Continuously aggregate dependency matrixts
extension, first create the extension:
CREATE EXTENSION matrixts;
Data table is the original data table:
CREATE TABLE metrics(
time timestamp,
tag_id int,
sensor float4
)
Distributed by(tag_id);
Continuous aggregation Use materialized views to store the aggregated results. You need to give the WITH (CONTINUOUS)
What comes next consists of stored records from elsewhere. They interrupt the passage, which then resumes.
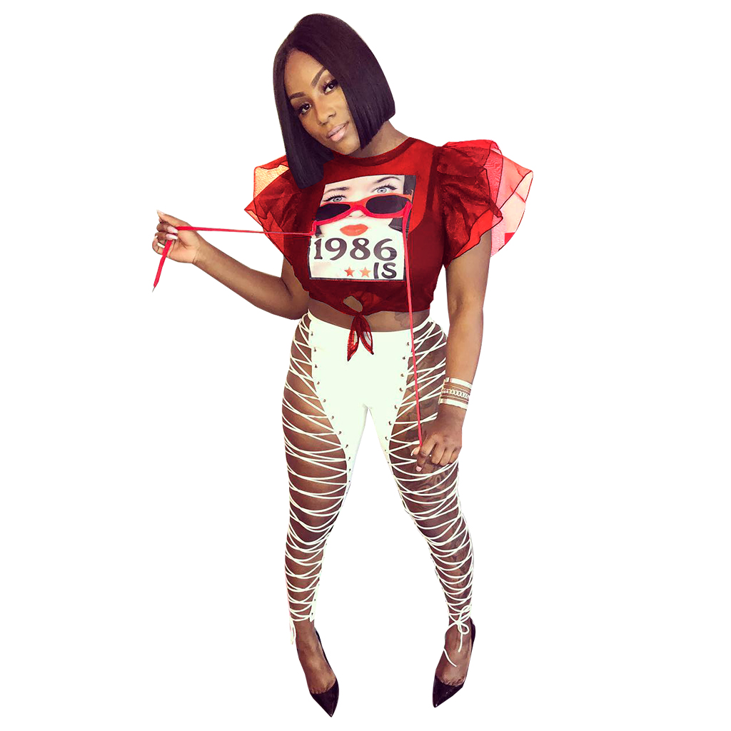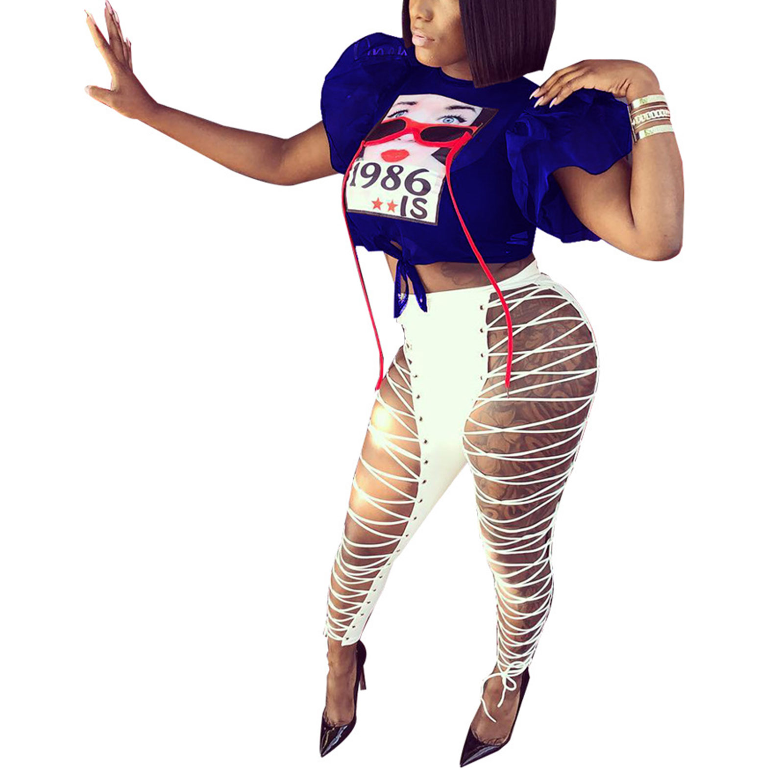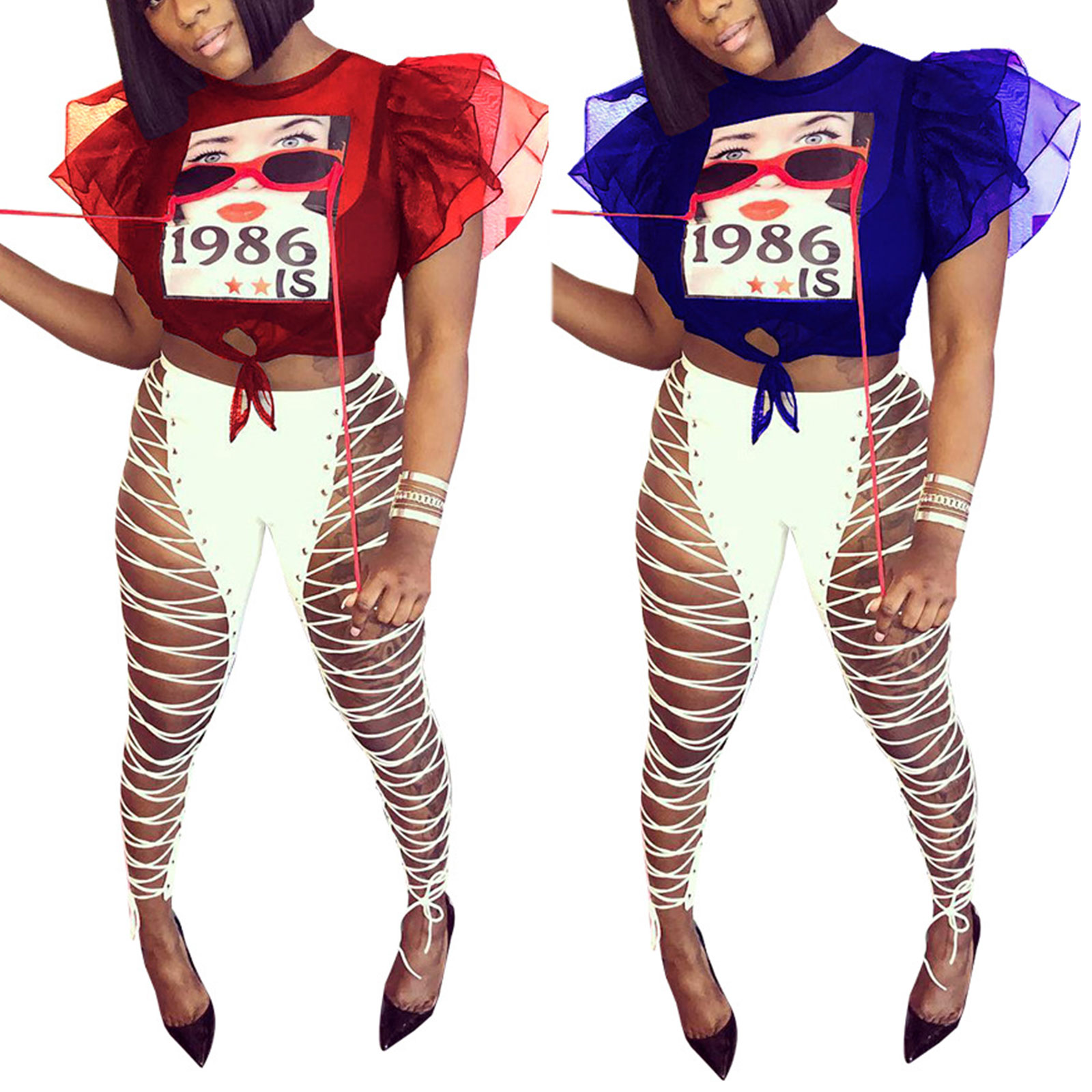 Характеристики: Подходящий Пол: Для Женщин Ткань: полиэстер Рисунок: принт Тип рукава: рукав с рюшами Вырез: круглый вырез Детали: ремешок, шнуровка Цвет: красный, синий Размер: S, M, L
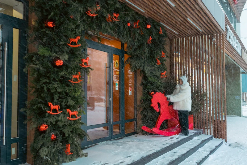 Первая яркая точка — Еловая арка с красными лошадками на проспекте Ленина, 39. Так красочно выглядит парадный вход кофейни и ресторана китайской кухни. Огненная лошадка – символ наступающего 2026 года – действительно здесь хороша и в тему.
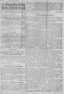 ^ ! ,f)-‘ CiniX)>n [i всех ст ран , со е д и н я й т е с ь ! О р га н С е е е р н о г о Р К В К П ( б ) и р ай сове та д е п у т а т о в т р у д я щ и х с я Новосибирской о б ла с ти П Я Т Н И Ц А 29 ИЮ Н Я 1 9 4 5 г . № 21 ( 7 9 7 ) Цена 15 г о п . Блестящие п о б е д ы, одержанны е с о в ет с к им и вой с к а м и в В е л и к о й Оте чественной войне, п о к а за л и б о г ат ы р с к ую м о щ ь ¡красной А р м и и и ее высокое воинское маст ер ст во . Н аш а Р о д и н а в х о д е войны п о л у ч и л а п е р в о к л а с с н ую к а д р о в ую а р м и ю , с п о с о б- н ую отстоять великие социали ст и чески е завоева н и е нашего н а р о д а и [обеспечить гос уд ар ст венны е интересы С о в е т с к о г о С о ю з а . И . С Т А Л И Н . *■ - У К А З П Р Е З И Д И У М А В Е Р Х О В Н О Г О С О В Е Т А С С С Р О присвоении звания Героя Советского[ Союза СтаилнуИосифу Виссарионовичу ; Возглавившему Краевую Армию в т я ж е л ы е дни з а щ и т и нашей Г о д я вы и ее с т о л и ц ы Москвы, с и с к л ю ч и т е л ь н ы м мужеством г решимостью руков од ивш ем у борьбой с г и т л е р о в с к о й Германией. М арш алу Со ве тского Союза С т а л и н у И о с иф у Писсарионоиичу/присвоить йоаипс ] ероя Советс кого Союза с вручением ордена . Л е н и в а и меда л и < 3 ы о т а я звезда -» . П р е д с е д а т е л ь П р е з и д и ум а В е р х о в н о г о С о в е та СССР М. К А Л И Н И Н . С е к р е т а р ь Президиума В е р х о в н о г о Сената С С С Р А . " Г О Р К И Н . 1 1о<жда, К р е м л ь , 2(> июня 1945 г . У К А З П Р Е З И Д И У М А В Е Р Х О В Н О Г О С О В Е Т А С С С Р О наргаждения орденом »ПОБЕДА" Маршала Советского Союза Сталина Иосифа Виссарионовича За и ек лю ч ¡ т е л ь п ы е з а с л у г и в о р г а н и з а ц и и всех в о о р у ж е н н ы х сил С о ве тс к ою Союза и умелое р у к ов од с т во ими в Великой О те ч ес тв ен ной войне, 31 ко н чи вш е йся полной победой н а д г и т л е р о в с к о й Герма и д е й , н а г р а д и т ь орденом « П О Б Е Д А » Маршала Советс кого Союз.» С т а й н а Иосифа В ле са р з о п о в н ч а . П р е д с е д а т е л ь Президиума В е р х о в н о г о Со в е та С С С Р _ М . 1 С А Л И Н И Н . С е к р е т а р ь Президиума В е р х о в н о г о С о н е та С С С Р м „ А1: Г О Р К И Н . Москва , К р е м л ь . 2ь нюня 1945 г. .-Ч! У К А З П Р Е З И Д И У М А В Е Р Х О В Н О Г О С О В Е Т А С С С Р Об установлении высшего воинского звания— Генералиссимуса Совесткого Союза О с т а н о в и т ь высшее воинское зиа ои е Г е н е р а л и с с и м у с С о в е тс к о й С ою за , п е р с о н а л ь н о присваиваемое П р езиди ум ом В ерховною Совета С С С 1 за особо выдающиеся з а с л у г и иерод Ро д иной в деле р у к о в о д с т н а всеми во ор уж е нны м и силами г о с у д а р с т в а во время в о й н ы . П р е д с е д а т е л ь П р е з и д и ум а В е р х о в н о г о С о в е т а С С С Р „ М . К А Л И Н И Н . С е к р е т а р ь П р е з и д и у м а В е р х о в н о г о С о в е та С С С Р М о с к в а , К р е м л ь . 26 июня 1915 г . А ' 10 Р К И И Обязательство 28 1ювя в Т а р т а с с к о й М Т С сос т о я л с я м и т и н г , п о с в ящ е ш ш й н а г р а ж д е н и ю то в а р и щ а С т а л и н а в т о р ы м орденом « П о б е д а » ! пр и сво е п а ю ем у з в а н и я Героя Советского Союза и в ы сш е го воинского з в а н и я — Г е н е р а л и с с и м у с а Советс к о г о Союза. М и т и н г п р о ш е л с большим подьсмом. В ы с т у п а ю щ и е в ы р а ж а л и свою в е л и к у ю любовь т о в а р и щ у С т а л и н у ! под руководством ко торого наша доблес тна я Красна я А р м и я одержала, п о л н у ю поремонтников беду н а д ги тле р ов ск ой Г е р м а н и е й , 1окарь т . Б о льш аков обязался в ы п о л н и т ь но рму вы р а б о т к и на 200 п р о ц . , т . М и тр а к о в а обяза л а сь к 5 июля
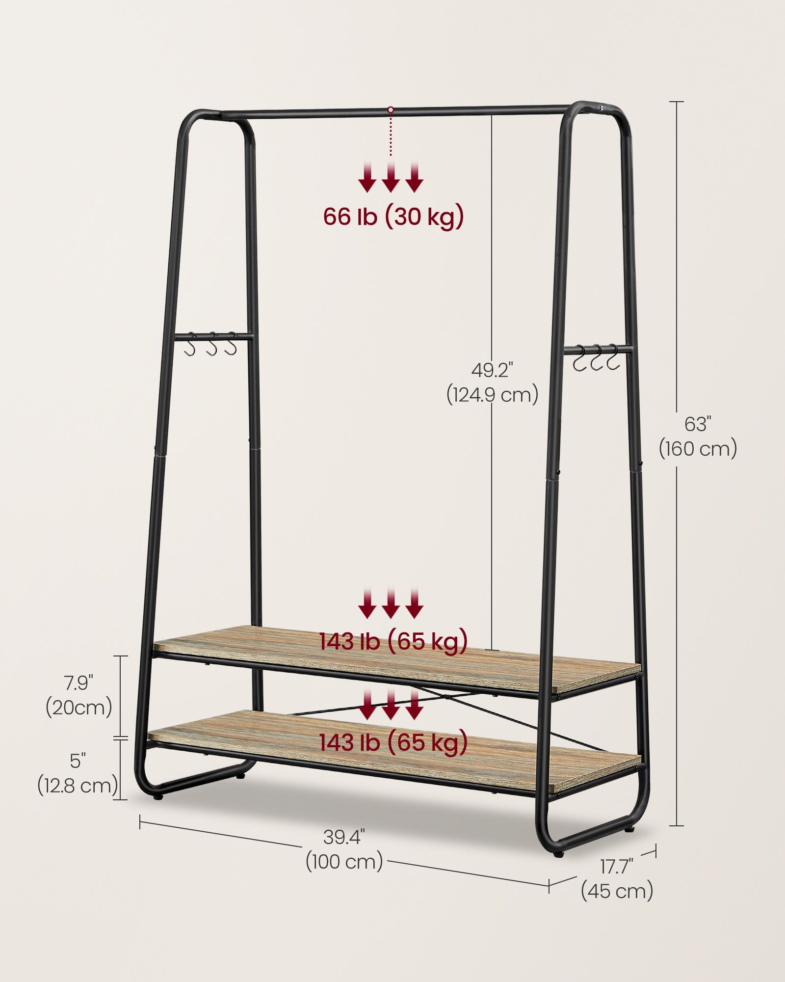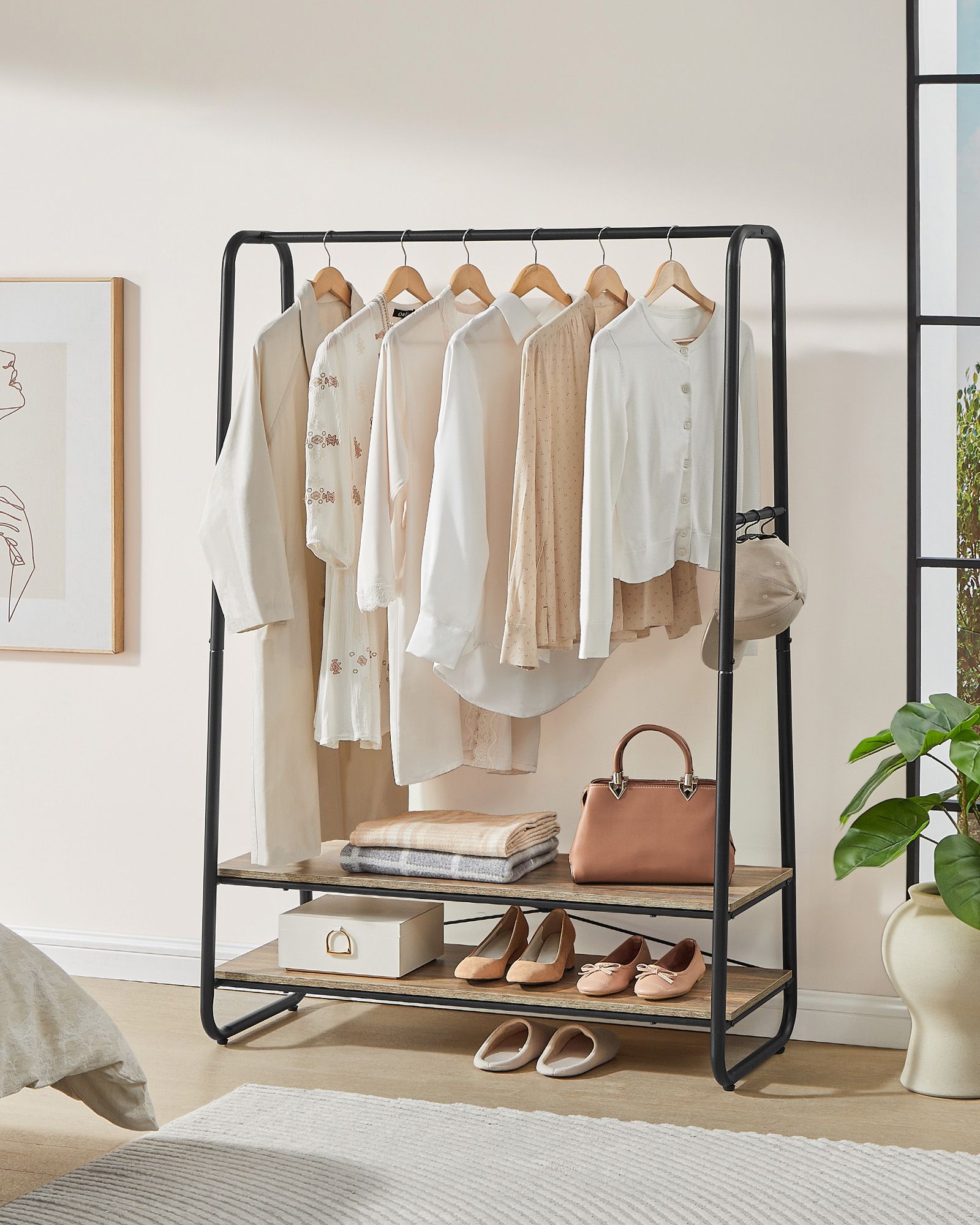 Clothes Rail - VIVRO Double Rail With 2 Shelves - Turquoise Brown and Matte Black

keyword and aggregation statement when creating the view:
CREATE VIEW cv1 WITH (CONTINUOUS) AS
SELECT tag_id, COUNT(*), SUM(sensor)
FROM metrics GROUP BY tag_id;
INSERT INTO metrics VALUES(NOW(), 1, 1.1);
INSERT INTO metrics VALUES(NOW(), 1, 1.2);
INSERT INTO metrics VALUES(NOW(), 2, 2.1);
INSERT INTO metrics VALUES(NOW(), 2, 2.2);
When using continuous aggregation, just insert time sequence data into the original data table, and the materialized view will automatically calculate the result:
SELECT * FROM cv1 ORDER BY tag_id;
tag_id | count | sum
-------+-------+---------------
1 | 2 | 2.3000002
2 | 2 | 4.3
(2 rows)
The results of the materialized view are the same as those of the aggregation calculation of the original table:
SELECT tag_id, COUNT(*), SUM(sensor)
FROM metrics
GROUP BY tag_id
ORDER BY tag_id;
tag_id | count | sum
-------+-------+---------------
1 | 2 | 2.3000002
2 | 2 | 4.3
(2 rows)
If the source table already has data when creating a continuous aggregation, the data will also be synchronized by default. If synchronization is not required, the parameter POPULATE
needs to be manually set to false
when creating the view (default is true
):
CREATE VIEW cv1 WITH (CONTINUOUS, POPULATE=false) AS
SELECT tag_id, COUNT(*), SUM(sensor)
FROM metrics GROUP BY tag_id;
MatrixDB provides UDFs for maintaining continuous aggregation:
matrixts_internal.analyze_continuous_view(rel REGCLASS)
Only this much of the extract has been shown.